== Problem ==
In the entries below, find the line with "Then later in" and the line with "Camisa Juvenil Manga Longa Xadrez Vermelha". Reproduce those two lines and every line between them exactly, and nothing more.

== Excerpts from a dataset ==
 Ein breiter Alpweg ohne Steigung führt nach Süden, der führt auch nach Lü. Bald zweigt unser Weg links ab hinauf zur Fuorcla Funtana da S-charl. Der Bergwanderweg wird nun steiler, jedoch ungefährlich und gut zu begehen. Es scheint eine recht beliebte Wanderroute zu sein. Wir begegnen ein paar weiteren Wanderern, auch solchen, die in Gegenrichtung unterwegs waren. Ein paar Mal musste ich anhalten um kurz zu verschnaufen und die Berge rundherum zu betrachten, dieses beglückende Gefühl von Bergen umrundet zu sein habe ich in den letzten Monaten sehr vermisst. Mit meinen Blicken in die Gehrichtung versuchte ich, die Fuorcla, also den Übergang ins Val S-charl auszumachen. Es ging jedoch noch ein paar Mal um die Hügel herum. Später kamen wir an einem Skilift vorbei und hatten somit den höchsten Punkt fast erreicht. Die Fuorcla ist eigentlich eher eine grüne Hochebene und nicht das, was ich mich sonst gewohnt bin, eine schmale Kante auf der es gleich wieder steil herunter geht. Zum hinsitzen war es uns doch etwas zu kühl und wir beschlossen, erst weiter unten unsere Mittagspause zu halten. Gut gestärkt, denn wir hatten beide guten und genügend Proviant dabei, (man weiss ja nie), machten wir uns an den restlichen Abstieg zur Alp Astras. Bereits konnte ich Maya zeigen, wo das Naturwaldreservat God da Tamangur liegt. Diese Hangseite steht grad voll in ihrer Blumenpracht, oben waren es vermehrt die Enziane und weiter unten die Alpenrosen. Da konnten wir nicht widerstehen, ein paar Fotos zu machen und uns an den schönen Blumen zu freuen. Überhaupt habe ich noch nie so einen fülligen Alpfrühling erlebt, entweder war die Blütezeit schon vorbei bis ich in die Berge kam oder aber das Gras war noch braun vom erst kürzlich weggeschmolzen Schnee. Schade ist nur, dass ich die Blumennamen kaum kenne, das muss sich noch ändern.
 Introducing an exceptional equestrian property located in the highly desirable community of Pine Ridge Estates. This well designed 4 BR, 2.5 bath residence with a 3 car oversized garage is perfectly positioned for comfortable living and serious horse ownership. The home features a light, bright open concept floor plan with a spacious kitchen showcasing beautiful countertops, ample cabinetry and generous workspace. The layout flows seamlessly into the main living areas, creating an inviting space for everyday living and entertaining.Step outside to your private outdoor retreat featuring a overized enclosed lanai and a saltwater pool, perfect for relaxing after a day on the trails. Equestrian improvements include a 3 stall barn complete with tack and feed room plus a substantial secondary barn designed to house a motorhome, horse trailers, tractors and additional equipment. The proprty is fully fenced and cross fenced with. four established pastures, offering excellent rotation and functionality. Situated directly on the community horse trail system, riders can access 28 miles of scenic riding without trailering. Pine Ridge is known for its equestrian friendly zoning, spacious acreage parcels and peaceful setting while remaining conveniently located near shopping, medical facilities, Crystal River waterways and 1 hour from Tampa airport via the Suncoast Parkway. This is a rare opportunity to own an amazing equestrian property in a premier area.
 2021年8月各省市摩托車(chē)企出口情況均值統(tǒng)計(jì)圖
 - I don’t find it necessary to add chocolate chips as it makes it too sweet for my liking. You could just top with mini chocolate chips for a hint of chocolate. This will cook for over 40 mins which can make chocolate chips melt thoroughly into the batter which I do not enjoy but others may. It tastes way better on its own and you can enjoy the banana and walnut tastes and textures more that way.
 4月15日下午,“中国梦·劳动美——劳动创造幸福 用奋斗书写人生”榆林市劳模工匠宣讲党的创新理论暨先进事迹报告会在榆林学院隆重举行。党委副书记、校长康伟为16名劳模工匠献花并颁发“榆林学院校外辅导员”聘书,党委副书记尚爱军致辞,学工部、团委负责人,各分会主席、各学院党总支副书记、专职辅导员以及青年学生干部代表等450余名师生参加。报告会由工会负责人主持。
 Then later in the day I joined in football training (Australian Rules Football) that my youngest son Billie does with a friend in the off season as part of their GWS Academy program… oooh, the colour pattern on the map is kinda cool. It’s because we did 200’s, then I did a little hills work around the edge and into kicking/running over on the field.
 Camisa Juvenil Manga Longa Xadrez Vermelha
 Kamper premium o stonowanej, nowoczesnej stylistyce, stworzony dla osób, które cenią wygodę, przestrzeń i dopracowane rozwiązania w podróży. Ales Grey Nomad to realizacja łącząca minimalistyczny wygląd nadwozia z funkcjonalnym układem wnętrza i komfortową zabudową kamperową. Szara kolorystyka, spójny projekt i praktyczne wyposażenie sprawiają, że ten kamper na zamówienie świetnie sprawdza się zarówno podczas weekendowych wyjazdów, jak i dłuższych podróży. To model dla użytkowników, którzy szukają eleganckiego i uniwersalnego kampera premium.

== Response for this exercise ==
 Then later in the day I joined in football training (Australian Rules Football) that my youngest son Billie does with a friend in the off season as part of their GWS Academy program… oooh, the colour pattern on the map is kinda cool. It’s because we did 200’s, then I did a little hills work around the edge and into kicking/running over on the field.
 Camisa Juvenil Manga Longa Xadrez Vermelha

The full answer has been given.